The “other factors” vaguely referred to in line 44 need to be reiterated here, notably anthropogenically-perturbed sediment supply, as evoked in line 33. Furthermore, much of the recent multi-decadal to current erosion of beaches and sandy shorelines is generated by massive decreases in incoming sediment, notably fluvial, outpacing the impact of any current sea-level rise. All of this is needed not just “to understand patterns that pose a global risk to coastal communities” (lines 46-47) but also to understand the causes of coastal erosion.

Lines 68-69: this needs to be stated with great caution.

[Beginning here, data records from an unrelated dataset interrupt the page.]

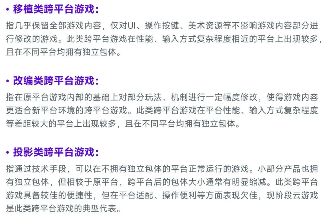 跨平台是指可以在不同平台运行的同一款游戏,吸引不同平台的游戏用户进而扩大总用户规模是跨平台游戏的核心优势。现阶段跨平台游戏主要拥有改编类跨平台游戏、移植类跨平台游戏、投影类跨平台游戏三种优劣各异的模式。
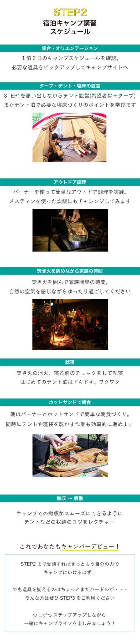 | STEP3(道具レンタル) | 宿泊費、キャンプに必要な道具一式、インストラクターサポート |
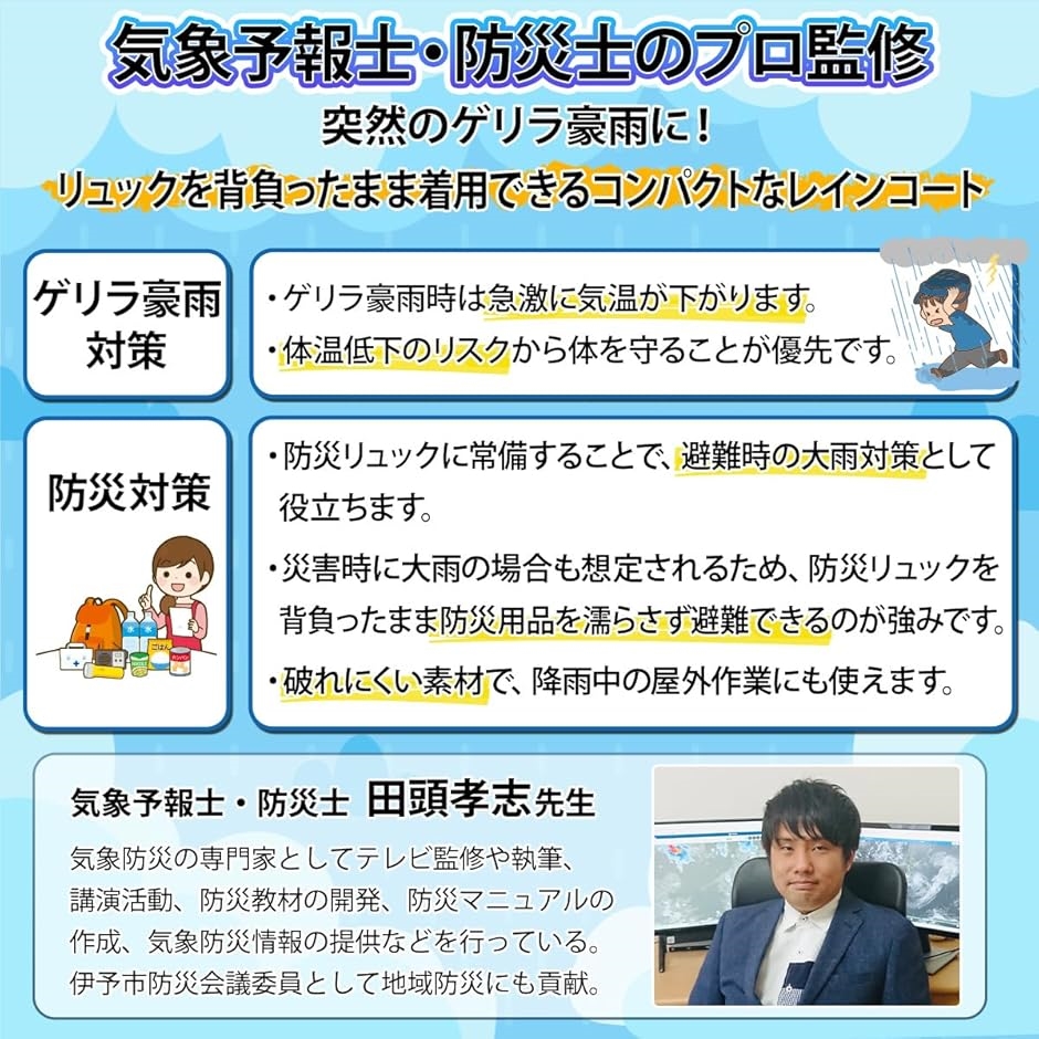 「気象予報士・防災士 田頭孝志先生による監修 ― 防災グッズとして」 気象と防災の専門家が監修し、豪雨・ゲリラ雷雨を想定した仕様を追求。

Shoreline change trends are almost never linear and predicting future shoreline changes is still in the domain of wishful thinking. See the example of the 2017 storm you evoke with the sweeping erosion caused. How do we predict future drivers of shoreline mobility such as storms?

Line 82: “on the west coast” – specify South Africa here.

 

Materials and methods

The description of the study site should not just be limited to rainfall. This is not a primary driver of shoreline change. What about the main drivers of shoreline change? The wave regime, tidal range, sediment supply possibilities (from the shoreface? Inherited? Carbonate? Or terrigenous related to streams?), engineereing structures, etc. 

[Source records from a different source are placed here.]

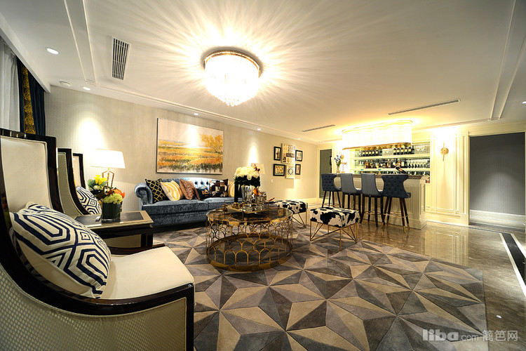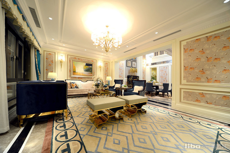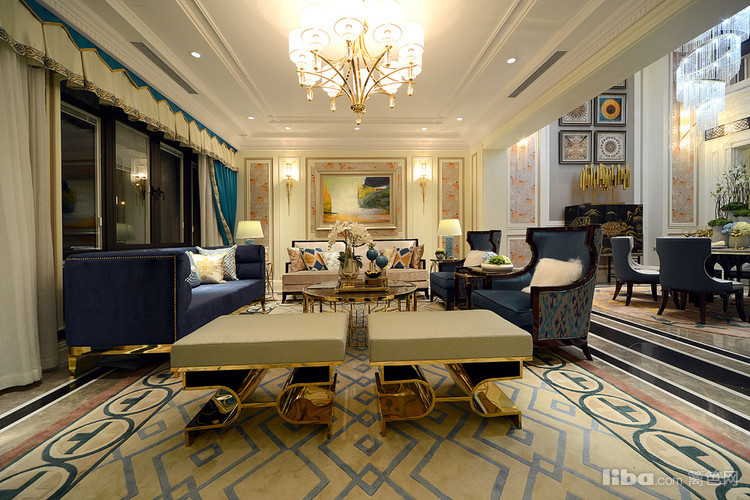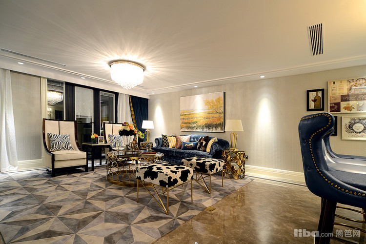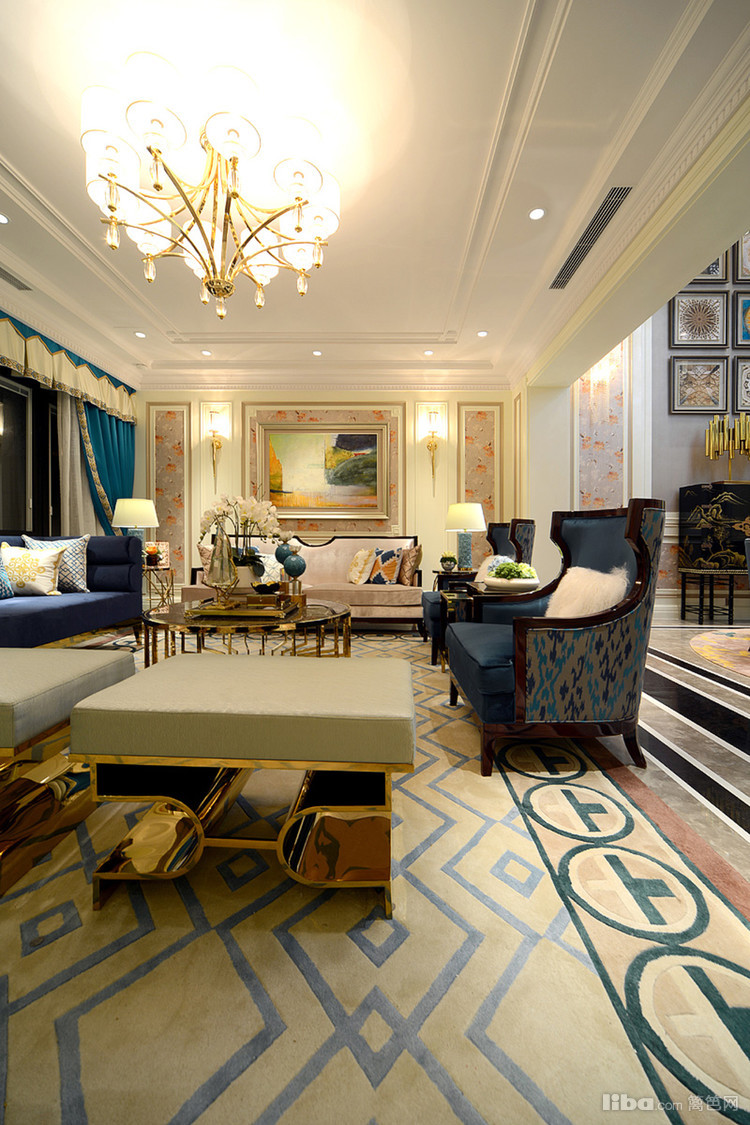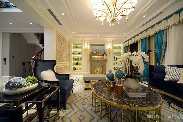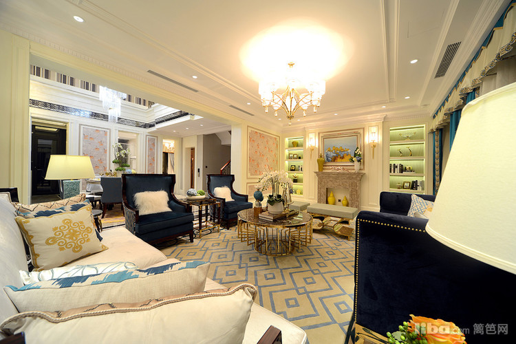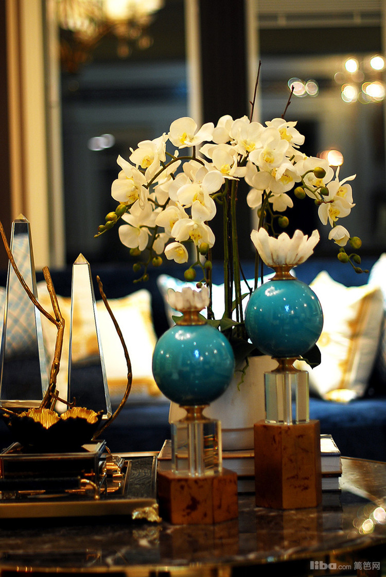 客厅用蓝色为基调的软装搭配凸显出了整个空间的独特的精致的空间。
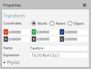 | Expression | Defines an expression (matrix) that when evaluated transforms child features. The given expression is evaluated based on the order of operations and operator precedence. |
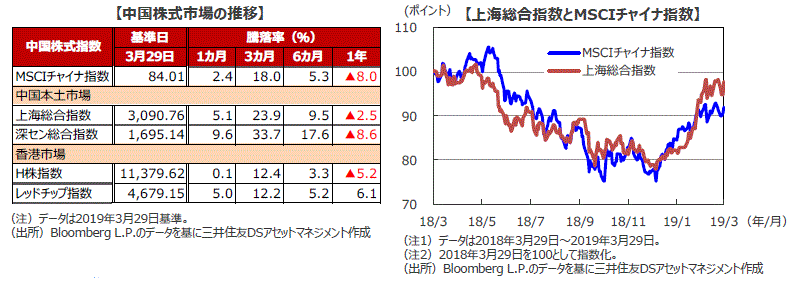 ■3月の中国株式市場は続伸しました。5日から開催された全国人民代表大会(全人代)で発表された、大規模減税やインフラ投資拡大などの景気対策が好感されました。また、米中貿易協議の進展期待に加え、李克強首相による金融緩和拡大を示唆する発言なども好感されました。さらに、米連邦準備制度理事会(FRB)が利上げを見送る見通しを示したことで、グローバルなリスクオン(選好)が強まり、新興国への資金流入期待が高まったことも支えとなったとみられます。
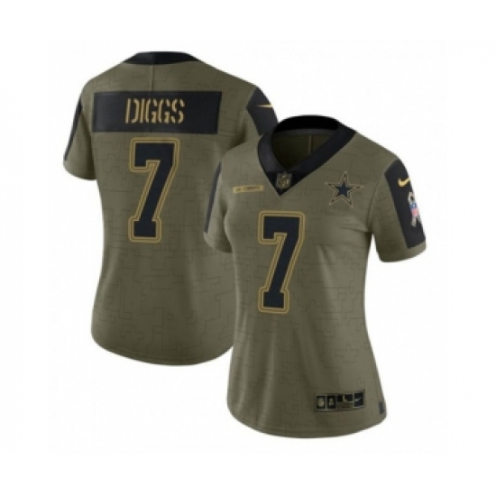 Women's Dallas Cowboys #7 Trevon Diggs Olive Salute To Service Limited Stitched Jersey(Run Small)
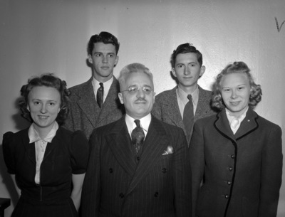 Christian Endeavor Leaders. Left to right, Miss Frances Jenkins, Jack Sims, Reverend D. D. Wilson, Chalmers Highes and Miss Mable Soule.
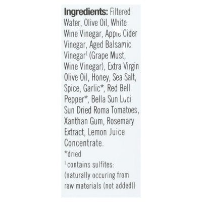 Rich with garlic and sun-dried tomatoes. Italian Kitchen. Your attention please! Remove dressing 20 minutes prior to serving. Olive oil will solidify under refrigeration it might be a slight inconvenience but aren't the best things worth the wait? For three generations our family in Sonoma has shared this delicious dressing around the table. The rich flavor of our estate-grown extra virgin olive oil combines with sun-dried tomatoes and Italian herbs to craft an exceptional vinaigrette. Women owned. www.BellaSunLuci.com. Made in the USA.

Line 181: How is the High Water Line situated relative to tidal levels and mean sea level in the study area? Provide study site data on tidal range. 

Lines 299-301: So, what degree of caution is needed for the use of the forecasting model? If it needs to be used with caution, what can its utility be in terms of proactive management? How reliable can such predicted shoreline trends be? Are they useful at all? Do they not pose a risk of misguiding management? Future shoreline trends, if you insist on presenting them, should be used at best as simply indicative of potentialshoreline mobility.

  

Discussion

Lines 490-496: At least a presentation of basic wave characteristics affecting this part of the South African coast (heights, directions, periods) could be helpful in further gauging to a first order this variability.

 

References:

 

Besset, M. et al., Multi-decadal variations in delta shorelines and their relationship to river sediment supply: An assessment and review. Earth-Science Reviews, 193-199-219 (2019). https://doi.org/10.1016/j.earscirev.2019.04.018

 

Cooper, J.A.G. et al. Sandy beaches can survive sea-level rise. Nat. Clim. Chang. 10, 993–995 (2020). https://doi.org/10.1038/s41558-020-00934-2

 

Syvitski, J. et al., Earth’s Sediment Budget during the Anthropocene. Nature Reviews Earth & Environment 3, 179–196 (2022). https://www.nature.com/articles/s43017-021-00253-w 

 

 

Author Response

Reviewer 1

We would like to thank Reviewer 1 for the helpful feedback and comments to improve the quality of this article manuscript.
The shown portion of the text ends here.